• **Exercise goal**
Please repeat exactly the lines below from the one containing "Russia, Nicholas I" down to the one containing "Pickup Car Window", both included, and nothing else.

• **Recorded information**

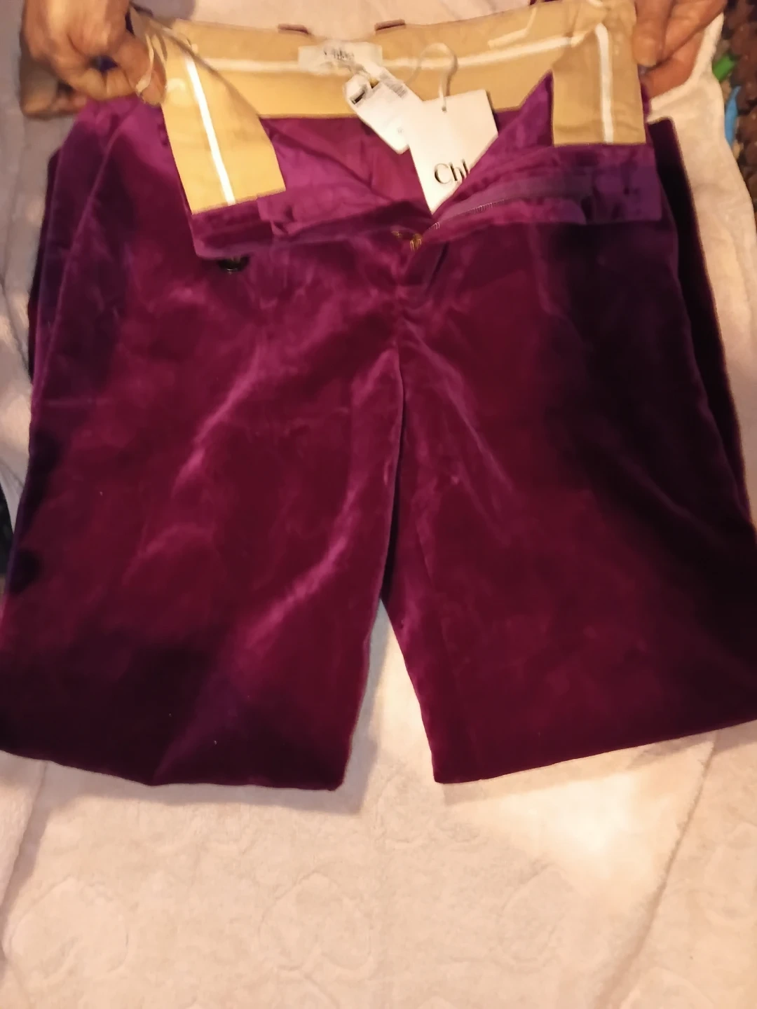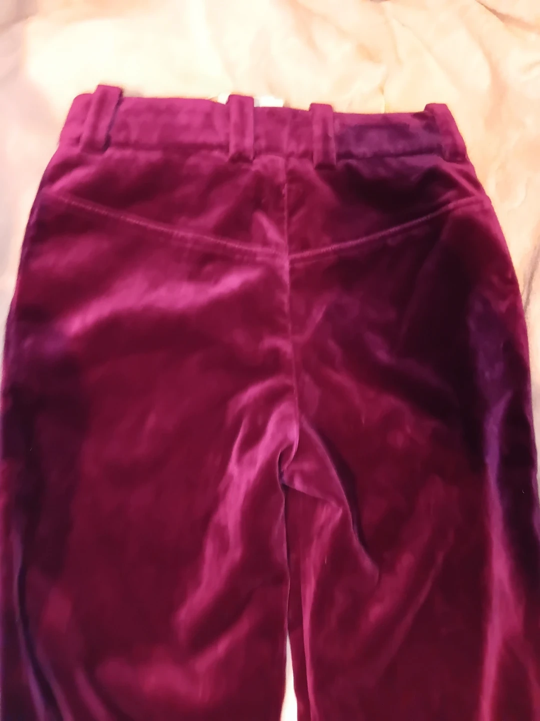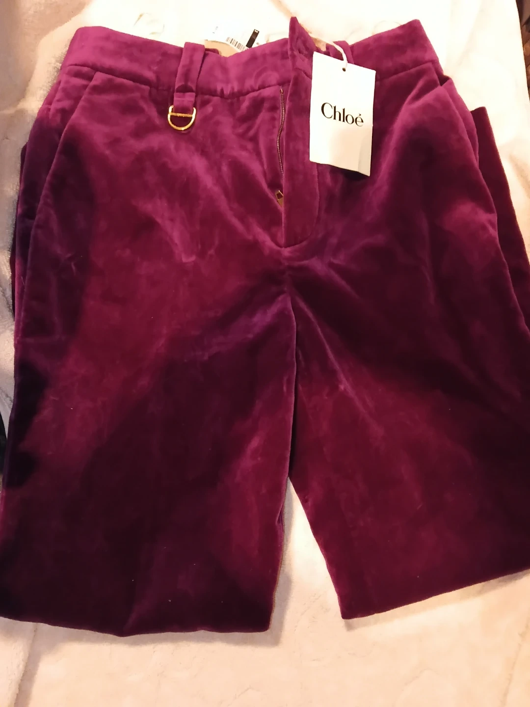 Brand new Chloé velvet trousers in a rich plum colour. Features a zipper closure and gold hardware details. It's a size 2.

==

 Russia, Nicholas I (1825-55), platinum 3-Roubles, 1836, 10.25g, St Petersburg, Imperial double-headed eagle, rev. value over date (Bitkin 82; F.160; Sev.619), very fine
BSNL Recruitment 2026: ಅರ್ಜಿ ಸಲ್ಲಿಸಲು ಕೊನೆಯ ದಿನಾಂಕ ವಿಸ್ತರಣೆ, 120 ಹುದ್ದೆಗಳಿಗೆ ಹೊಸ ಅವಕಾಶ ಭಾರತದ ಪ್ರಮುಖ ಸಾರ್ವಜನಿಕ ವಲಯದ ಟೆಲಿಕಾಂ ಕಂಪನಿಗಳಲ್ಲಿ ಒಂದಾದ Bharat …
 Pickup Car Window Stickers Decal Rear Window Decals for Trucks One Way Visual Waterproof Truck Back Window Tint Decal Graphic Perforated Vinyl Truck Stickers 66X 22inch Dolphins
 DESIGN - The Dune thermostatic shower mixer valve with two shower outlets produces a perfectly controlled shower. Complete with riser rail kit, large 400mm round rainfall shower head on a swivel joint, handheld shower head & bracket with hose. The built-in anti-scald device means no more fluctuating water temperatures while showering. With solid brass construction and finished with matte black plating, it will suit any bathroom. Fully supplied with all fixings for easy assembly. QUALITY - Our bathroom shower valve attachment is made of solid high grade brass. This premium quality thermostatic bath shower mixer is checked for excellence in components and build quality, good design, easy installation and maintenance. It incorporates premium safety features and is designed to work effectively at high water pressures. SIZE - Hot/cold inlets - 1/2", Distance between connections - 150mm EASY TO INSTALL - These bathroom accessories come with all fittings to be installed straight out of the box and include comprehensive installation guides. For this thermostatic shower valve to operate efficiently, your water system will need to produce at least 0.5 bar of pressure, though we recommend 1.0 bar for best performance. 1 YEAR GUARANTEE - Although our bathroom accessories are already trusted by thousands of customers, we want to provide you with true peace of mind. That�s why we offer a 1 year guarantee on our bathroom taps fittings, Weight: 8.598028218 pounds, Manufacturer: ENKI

• **Response box**
 Russia, Nicholas I (1825-55), platinum 3-Roubles, 1836, 10.25g, St Petersburg, Imperial double-headed eagle, rev. value over date (Bitkin 82; F.160; Sev.619), very fine
BSNL Recruitment 2026: ಅರ್ಜಿ ಸಲ್ಲಿಸಲು ಕೊನೆಯ ದಿನಾಂಕ ವಿಸ್ತರಣೆ, 120 ಹುದ್ದೆಗಳಿಗೆ ಹೊಸ ಅವಕಾಶ ಭಾರತದ ಪ್ರಮುಖ ಸಾರ್ವಜನಿಕ ವಲಯದ ಟೆಲಿಕಾಂ ಕಂಪನಿಗಳಲ್ಲಿ ಒಂದಾದ Bharat …
 Pickup Car Window Stickers Decal Rear Window Decals for Trucks One Way Visual Waterproof Truck Back Window Tint Decal Graphic Perforated Vinyl Truck Stickers 66X 22inch Dolphins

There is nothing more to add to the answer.